In the second scene, at the last moment, the net miraculously lifts up, the hare goes through and with legendary speed, it outruns the dogs. (Thank goodness this hare did not look back and see that the dogs were slower and take a rest by the side of the road.) The hare as a symbol of the Jewish people in Haggadah illustrations has an interesting parallel in B'rer Rabbit of the Uncle Remus tales, who always manages by quick wits to thwart the designs of B'rer Fox and B'rer Bear to have him for supper. B'rer Rabbit can be interpreted as a symbolic representation of Negro slaves, who pictured themselves as outsmarting their white slavemasters. Jews could see themselves in Europe as rabbits that needed speed and agility (in Jewish terms, quick wits and/or stratagems) to avoid, as best as possible, anti-Semitic plans for their destruction. The Golem is a fantasy in the same vein. Eve Bunting wrote an allegorical children's story about the Holocaust, "Terrible Things," and it is Little Rabbit who survives. As for the rabbit being non-kosher, so is the lion, as in the Lion of Judah, which conveys a completely different image of the Jew from that of the hare.
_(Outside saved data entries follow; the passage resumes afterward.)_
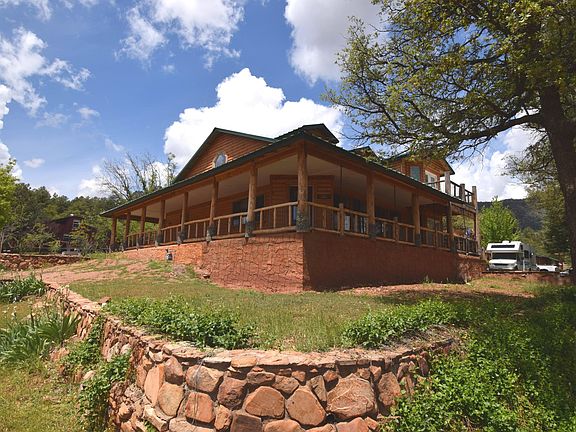 Get away from it all at this absolutely spectacular lodge home in Pine! The home features 3 bedrooms, 3 bathrooms, soaring ceilings, ample natural light, a loft, luxurious kitchen, and all the right touches. Outside, enjoy the gorgeous scenery and wonderful weather from the wraparound porch. The property also boasts detached guest quarters with an additional kitchen, bedroom, and bathroom, perfect for in-laws or as a rental. The home includes an unfinished, unpermitted basement with 1,600 sq ft that is not included in the home's square footage. The property will need a new septic system installed, as current system capacity is not sufficient for the home with basement and casita added. The home is being sold ''as is''. Buyer to verify all facts and figures.
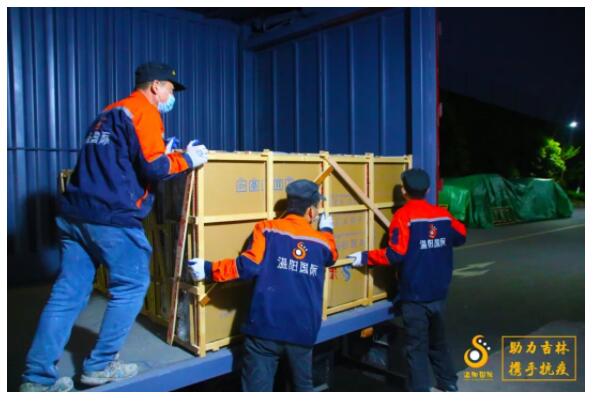 2022年3月25日上午,温阳国际集团捐赠的数十台移动盐疗设备已全部装车完毕,李虎董事长亲自带领老兵指战团队奔赴吉林方舱医院,协助吉林人民一同打赢此次防疫战争,待疫去春来,共赏花开。
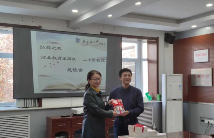 11月19日,弘毅之帆——河北教育出版社与二中西校区恳谈会暨赠书仪式在躬行楼三楼会议室召开。河北教育出版社雷斌副社长、我校樊茹副校长、教务处常乐主任以及语文组教师参加了活动。
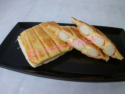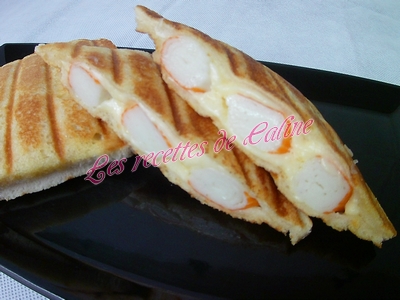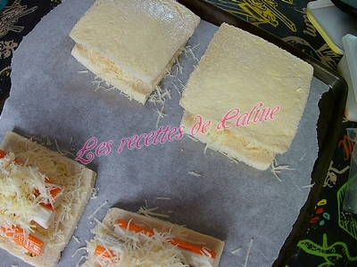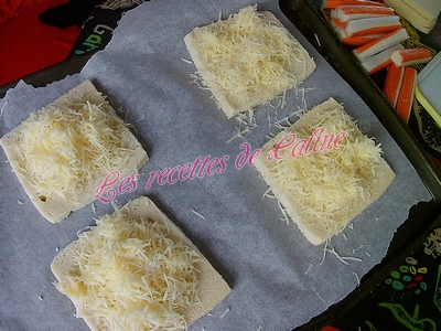 puis trois surimi et pour finir remettre un peu de gruyère, remettre une tranche de pain de mie beurré par dessus.
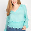 Imported 1XL.2XL.3XL A sheer woven top featuring an allover Swiss polka dot print, a V neckline, long sleeves with elasticized cuffs, shirred shoulders, and a smocked waist. 100% Polyester Mint IRI
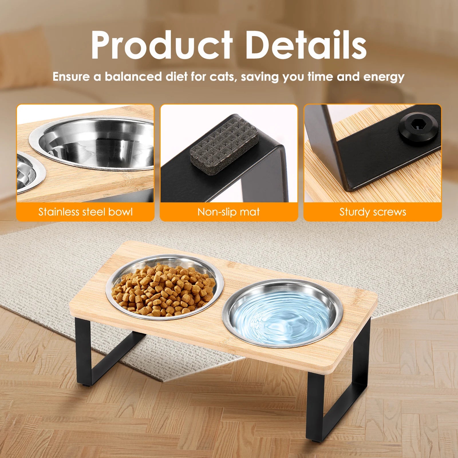Elevate your cat’s dining with a sturdy bamboo wood bowl stand that tilts for a neck-friendly meal and a tidier feeding space.
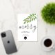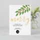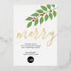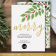Un look moderne pour une carte de vacances d'entreprise. Un énorme script "joyeux" en feuille d'or. Un accueil de vacances qui peut être utilisé pour n'importe quelle société. Ajoutez votre logo et votre accueil saisonnier à ce design unique. Un design d'entreprise élégant avec un motif de lignes courbes et des feuilles à l'arrière.
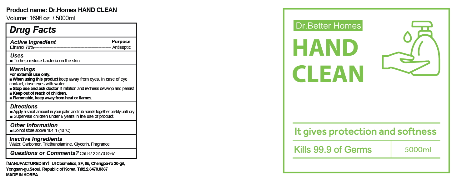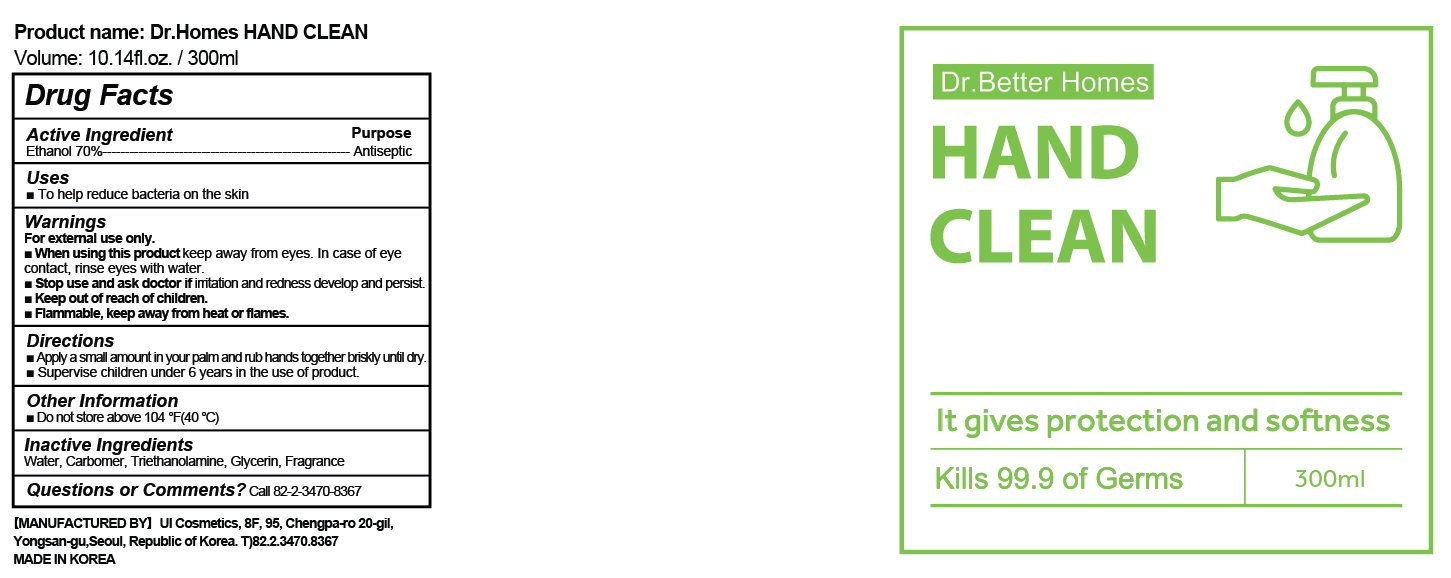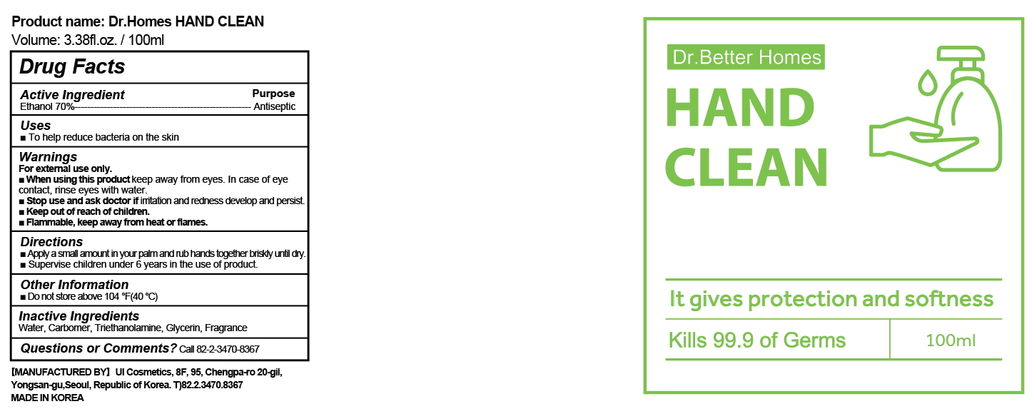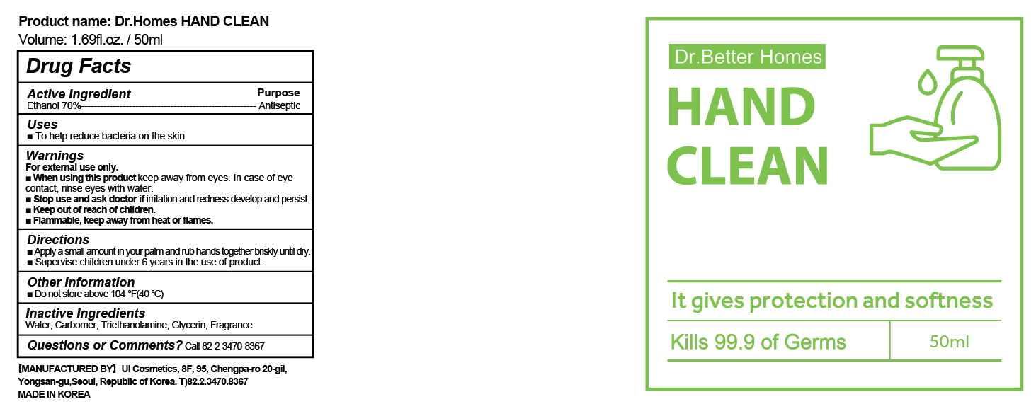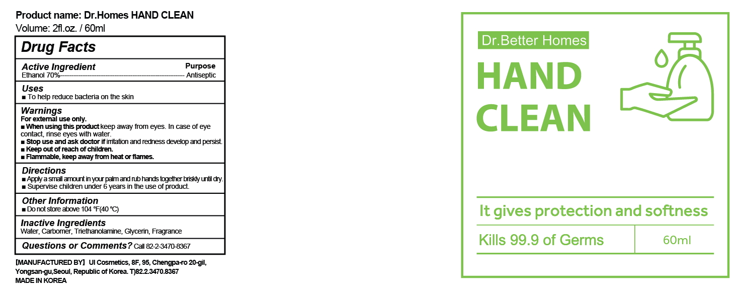Dr. Homes HAND CLEAN is a hand sanitizer that contains 70% Ethanol and has a volume of 1.69fl.oz./50ml. The purpose of this product is to reduce bacteria on the skin. It should be used externally only, and contact with eyes should be avoided. In case of eye contact, rinse with water. Children under the age of six should be supervised while using this product. The product contains water, carbomer, triethanolamine, glycerin, and fragrance as inactive ingredients. It is manufactured by UI Cosmetics in Korea and can be contacted at 82-2-3470-8367.*

Commentary by Rabbi Bernard Mehlman: The presence of the two plates for the first time in the Augsburg Haggadah may be an allegory on the fate of the Jews often persecuted at the Pesach/Easter season.
Commentary by Rabbi Amy Scheinerman: Rabbi Davidow's sense that the hunting scene is an allegory for Jewish history reminds me of the interpretation of Chad Gadya as an allegory of Jewish history. Moreover, the success of the hares in escaping their would-be captors reminds one of the sense of jubilation our ancestors must have felt after crossing through the Reed Sea and seeing their oppressors permanently separated from them and unable to reach them. The net renders the dogs and hunters unable to reach the hares. They look back and sing their own version of Shirat HaYam.